“…я прожил жизнь”. Письма. 1920–1950 гг. - страница 13



“Я уезжаю в Нижний, не зная, что меня ждет в будущем. <…> Быть может, она [матушка] права, а неправ был я, на мгновение поверив, что счастье создано для меня. Во всяком случае вы совершенно свободны; что же касается меня, то заверяю вас честным словом, что буду принадлежать только вам, или никогда не женюсь” (август 1830; Х, 816);


“…Ваша любовь – единственная вещь на свете, которая мешает мне повеситься на воротах моего печального замка <…>. Не лишайте меня этой любви и верьте, что в ней всё мое счастье” (30 сентября 1830; Х, 818);


“Въезд в Москву запрещен, и вот я заперт в Болдине. Во имя неба, дорогая Наталья Николаевна, напишите мне, несмотря на то что вам этого не хочется. Скажите мне, где вы? <…> Я совершенно пал духом и право не знаю, что предпринять. <…> Болдино имеет вид острога, окруженного скалами. Ни соседей. Ни книг. Погода ужасная. Я провожу время в том, что мараю бумагу и злюсь” (11 октября 1830; Х, 818–819);


“Не достаточно этого, чтобы повеситься?” (4 ноября 1830; Х, 819).
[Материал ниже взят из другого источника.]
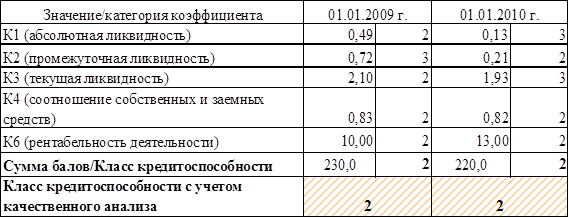 Присутствие ВТБ 24 на розничном рынке росло еще более стремительно. В отличие от большинства конкурентов ВТБ 24 по итогам года смог увеличить портфель кредитов населению (в 2 раза). Кредиты, предоставленные финансовым органам субъектов Российской Федерации и органов местного самоуправления выросли на 173506 тыс. руб. и составили 5 574 281 тыс. руб., кредиты, предоставленные финансовым организациям, находящимся в федеральной собственности – на 269 917 тыс. руб. и составили 274 917 тыс. руб., кредиты, предоставленные коммерческим организациям, находящимся в федеральной собственности – на 6 234 868 тыс. руб. и составили 12 771 710 тыс. руб. Кредиты, предоставленные некоммерческим организациям, находящимся в федеральной собственности сократились на 3000 тыс. руб., кредиты, предоставленные финансовым организациям, находящимся в государственной (кроме федеральной) собственности – на 18 542 тыс. руб., кредиты, предоставленные негосударственным финансовым организациям – на 5 944 856 тыс. руб. Кредиты, предоставленные негосударственным коммерческим организациям увеличились на 50 172 979 тыс. руб. и составили на 01.01.2010 г. 203 810 604 тыс. руб., кредиты, предоставленные негосударственным некоммерческим организациям – на 851 009 тыс. руб., кредиты, предоставленные физическим лицам - индивидуальным предпринимателям – на 1 299 798 тыс. руб. Кредиты, предоставленные юридическим лицам-нерезидентам уменьшились на 1 299 798 тыс. руб. и составили 1 299 798 тыс. руб. и составили на 01.01.2010 г. 20449101 тыс. руб. Кредиты, предоставленные физическим лицам-нерезидентам выросли на 2642 тыс. руб. 2.3 Оценка методов определения кредитоспособности заемщика Рассмотрим оценку методов определения кредитоспособности заемщика на материалах ЗАО – фирма «Чебоксарская керамика» на основе расчета финансовых коэффициентов и определим класс и рейтинг заемщика [17, c. 61]. Таблица 4. Оценка основных показателей деятельности предприятия ЗАО – фирма «Чебоксарская керамика» за 2008 - 2009 гг.

В письмах Пушкина к друзьям 1830 года тема вынужденного болдинского заточения дополняется новыми деталями и существенными уточнениями:

“Я уезжаю, рассорившись с г-жой Гончаровой. На следующий день после бала она устроила мне самую нелепую сцену, какую только можно представить. Она мне наговорила вещей, которых я по чести не мог стерпеть” (В. Ф. Вяземской, август 1830; Х, 816);


“Ты не можешь вообразить, как весело удрать от невесты, да и засесть стихи писать. <…> Ах, мой милый, что за прелесть здешняя деревня! <…> пиши дома сколько вздумается, никто не помешает. Уж я тебе наготовлю всякой всячины, и прозы и стихов” (П. А. Плетневу, 9 сентября 1830; Х, 306–307);


“Я, душа моя, написал пропасть полемических статей…” (А. А. Дельвигу, 4 ноября 1830; Х, 314);


“Скажу тебе (за тайну), что я в Болдине писал, как давно уже не писал <далее перечисляется написанное. – Н. К.>. Хорошо? Еще не всё…” (П. А. Плетневу, 9 декабря 1830; Х, 324).

В письмах к Наталье Николаевне 1833 и 1834 годов из Болдина темы творчества и личной жизни переплетаются, ранее сообщаемые только друзьям “тайны” доверяются жене, чье поведение становится частью личной, семейной и творческой жизни поэта. В письмах “ангелу” и “женке” Пушкин постоянно отчитывается о встречах и написанном, воспитывает жену, уверяет в собственной верности (“грех подозревать меня в неверности”; Х, 420). Одной из сквозных тем воспитания Натальи Николаевны становится кокетство красавицы-жены:

“Нехорошо только, что ты пускаешься в разные кокетства…” (27 сентября 1832; Х, 419);


“…Кокетничаешь со всем дипломатическим корпусом, да еще жалуешься на свое положение…” (3 октября 1832; Х, 422);


“Того и гляди избалуешься без меня, забудешь меня – искокетничаешься” (2 октября 1833; Х, 449);


“Не стращай меня, женка, не говори, что ты искокетничалась; я приеду к тебе, ничего не успев написать – и без денег сядем на мель. Ты лучше оставь уж меня в покое, а я буду работать и спешить” (8 октября 1830; Х, 450);


“Я пишу, я в хлопотах, никого не вижу – и привезу тебе пропасть всякой всячины” (11 октября 1833; Х, 451);


“…Кокетничать я тебе не мешаю, но требую от тебя холодности, благопристойности, важности…” (21 октября 1833; Х, 452);


“Ты, кажется, не путем искокетничалась. Смотри: недаром кокетство не в моде и почитается признаком дурного тона. В нем толку мало. Ты радуешься, что за тобою, как за сучкой, бегают кобели, подняв хвост трубочкой <…>. К чему тебе принимать мужчин, которые за тобой ухаживают? не знаешь, на кого нападешь. <…> И благодарю за то, что ты подробно и откровенно описываешь мне свою беспутную жизнь. Гуляй, женка; только не загуливай и меня не забывай. <…> Да, ангел мой, пожалуйста не кокетничай…” (30 октября 1833; Х, 453–454).